Group Media & Photos

Gin'ushisha (Silver Rain Poetry Society). Hilo, Hawaii Island, 1925. Row 1 (l-r): David (Shugaku) Marutani (1st), Tadasuke (Koryu) Nakabayashi (2nd). Row 2, middle: Minoru (Koran) Murakami. Row 3: Otokichi (Muin) Ozaki (1st), Eikichi (Seiyu) Ochiai (2nd), Haruto (Fuyo) Saito (3rd, patterned tie). Row 4: Zenichi (Kenpu) Kawazoe (center, bow tie). JCCH/Otokichi Ozaki Archival Collection.
Internment Locations
Arrested: May 1944
Honouliuli Internment Camp, Oahu Island
Paroled: June 1944
John Tadasuke Nakabayashi, who wrote under the name Koryu, was a member of one of the many dynamic Japanese poetry societies that gave Hawaii Island the name "Poetry Island" in the years before the war.
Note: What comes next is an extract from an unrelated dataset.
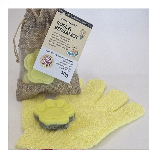 Treat your puppy to the natural goodness they deserve with The Puppy Pamper One. Handcrafted with rose and bergamot essential oils, this soothing blend is gentle on young, sensitive skin while helping to heal and protect. Activated charcoal lifts dirt, odours, and even stubborn fox poo, while organic coconut oil nourishes for a soft, shiny coat.

With the internment of so many Big Island poets, like Rentaro Shito Degawa, Shoichi Gessho Koide, David Shugaku Marutani, Minoru Koran Murakami, Eikichi Seiyu Ochiai, Otokichi Muin Ozaki, Haruto Fuyo Saito, and Shigezo Kasetsu Shigekane, the Hilo societies fell silent, although many of the interned members continued to write throughout their captivity.